SWA Group ASLA 2021 Design Awards, Ricardo Lara Linear Park Lynwood Landscape, Freedom Park Atlanta

SWA Group Win 11 ASLA 2021 Design Awards – News

November 13, 2021

SWA Group Recognized With Eleven ASLA 2021 Design Awards

These newly-awarded parks unite communities with thoughtful common ground.

Ricardo Lara Linear Park in Lynwood, California, United States:
Ricardo Lara Linear Park Lynwood, California landscape
photo : Jonnu Singleton/SWA

SWA Landscape Architects Design Award News

San Francisco, CA, November 2021 –  Eleven award-winning projects from SWA Group show how landscape and the creation of a thoughtful “common ground” can contribute to urban resilience and vitality. Two of SWA’s projects – the design of Ricardo Lara Park in Lynwood, California and a master plan for Atlanta’s Freedom Park – were singled out with high honors by the American Society of Landscape Architects (ASLA) national jury. The annual program recognizes excellence in the practice of landscape architecture and the winning entries are selected based on quality of design and execution, innovation, and impact on community and the profession.

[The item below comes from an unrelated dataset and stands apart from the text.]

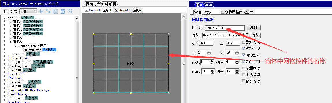 1、使用GUI编辑器在bag.gui里面创建一个名字为DBurstItem的窗口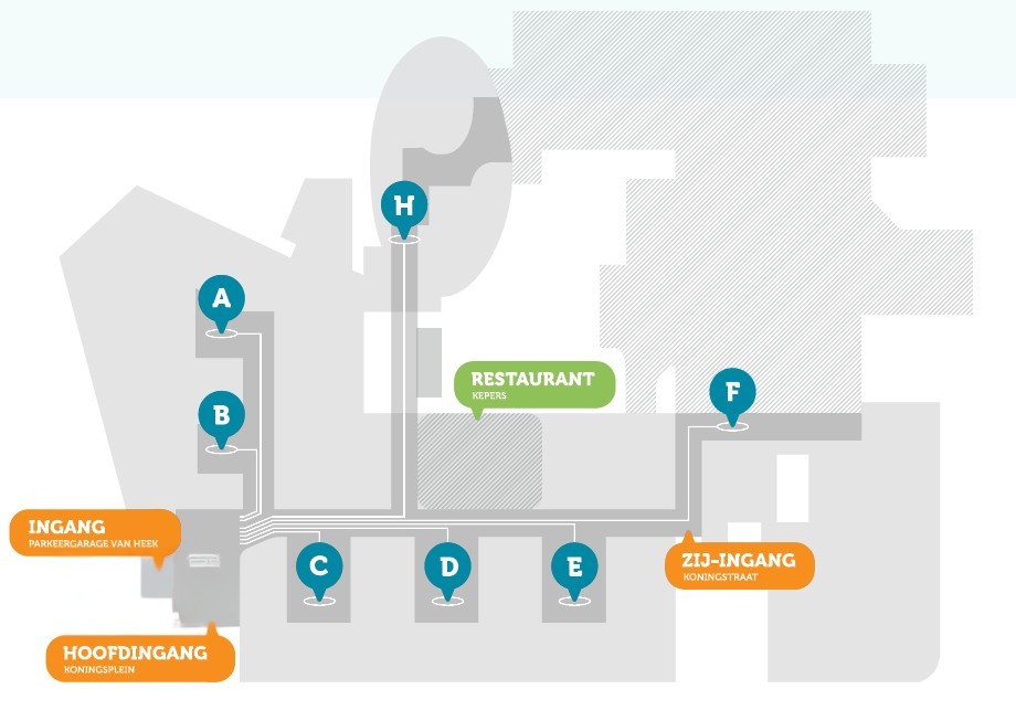 Uitleg bij de plattegrond: In je afspraakbrief staat de route naar jouw afdeling. Bijvoorbeeld: D15.

Ricardo Lara Linear Park in Lynwood, California, United States:
Ricardo Lara Linear Park Lynwood, California, USA
photo : Jonnu Singleton/SWA

Both projects, Ricardo Lara Park and Freedom Park, are vibrant public spaces that enrich their surroundings well beyond trees and plantings. They reinforce landscape’s potential to enhance and unify communities.

Ricardo Lara Linear Park in Lynwood, California, United States:
Ricardo Lara Linear Park in Lynwood, California
photo : Jonnu Singleton/SWA

Ricardo Lara Park in Lynwood, California demonstrates how a small investment and creative thinking about landscape can transform the very infrastructure that has long divided and isolated a community into an amenity that unites it, offering much-needed environmental and recreational benefits.

Ricardo Lara Linear Park in Lynwood, California, United States:
Ricardo Lara Linear Park Lynwood, California
photo : Jonnu Singleton/SWA

More than five acres of vacant lots along an I-105 freeway embankment were transformed into a mile-long park that filters stormwater runoff (equivalent to six swimming pools per year), improves air quality, and provides multiple outdoor gathering spaces. Cross streets divide the park into five blocks, and each block accommodates a different program: dog park, fitness stations, play structures, community gardening and education, and passive recreation with artwork and storm water detention. Advancing Lynwood’s “Healthy City Initiative,” the park connects with the LARIO Bike Trail and promotes healthy lifestyles in what has been a community long under-served by parks and open space.

Freedom Park image courtesy SWA

Freedom Park, Atlanta, Georgia, USA:
Freedom Park, Atlanta, Georgia, USA
image courtesy SWA

Freedom Park in Atlanta, Georgia was born out of a struggle to stop the expansion of a planned state highway in the late 1970s and 80s. Slated to tear through a historic urban community, the roadway established its footprint but was stopped through the grassroots efforts of neighbors, advocates and civic leaders. Freedom Park’s unique outline, crisscrossing through seven Atlanta neighborhoods, bears the scar of that struggle.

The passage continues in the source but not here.